In the spring of 1791, she and her mother visited Paris during a difficult period in Poland, which attracted bad publicity. During the crisis of 1793, she and her spouse left for Grodno. Reportedly the Russian ambassador Jacob Sievers threatened to have her property, which was now situated in the Russian sector of Poland, confiscated, which contributed to the king giving in to Russian demands.

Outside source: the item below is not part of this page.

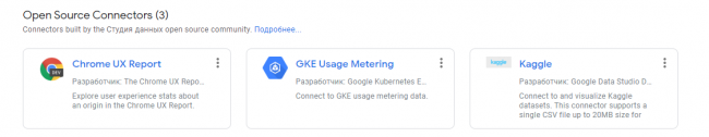 И коннекторы с открытым исходным кодом: Chrome UX Report, GKE Usage Metering и Kaggle.

During the crisis of 1794, it was noted that she and her spouse had plans to evacuate to Königsberg, though it is unconfirmed if they did leave.

===Later life===
On 7 January 1795, she and her family joined king Stanisław in Grodno, and remained by his side during the Third Partition of Poland. Reportedly, she and her mother, along with their coterie and urged by the Russian N. Repnin, contributed to persuade the king to sign his abdication on 25 November, as they feared that his refusal would lead to a Russian confiscation of their property and their ruin.

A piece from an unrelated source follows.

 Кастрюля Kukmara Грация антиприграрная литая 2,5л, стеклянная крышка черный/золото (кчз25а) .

After the abdication on 25 November 1795, the confiscation of the Mniszch property and her palace in Dęblin was lifted, which she could control herself after having visited her property on the summer of 1796. On the mission of Repnin, she was also given the task to persuade Józef Poniatowski to join them in exile in Russia. In February 1797, she followed her uncle, the deposed king, to St Petersburg. She participated in the coronation of Paul I, was given the honorary rank of Imperial Portrait Lady of the Russian court, and was celebrated by the Russian aristocracy.

After the death of her uncle the former king in 1798, Urszula Zamoyska returned to Poland and settled with her spouse in Wiśniowiec. After being widowed in 1806, she lived in Vienna and Paris.

==Legacy==
She was subject of many Latin poems by nuncio AM Durini, and the "Czestochowa Song" by Celestyna Czaplica.

She described the 1787 journey to Kaniów to her mother, and her letter was published in French by Andrzej Edward Koźmian (it was also published in Russian by P. Saweljew in 1843).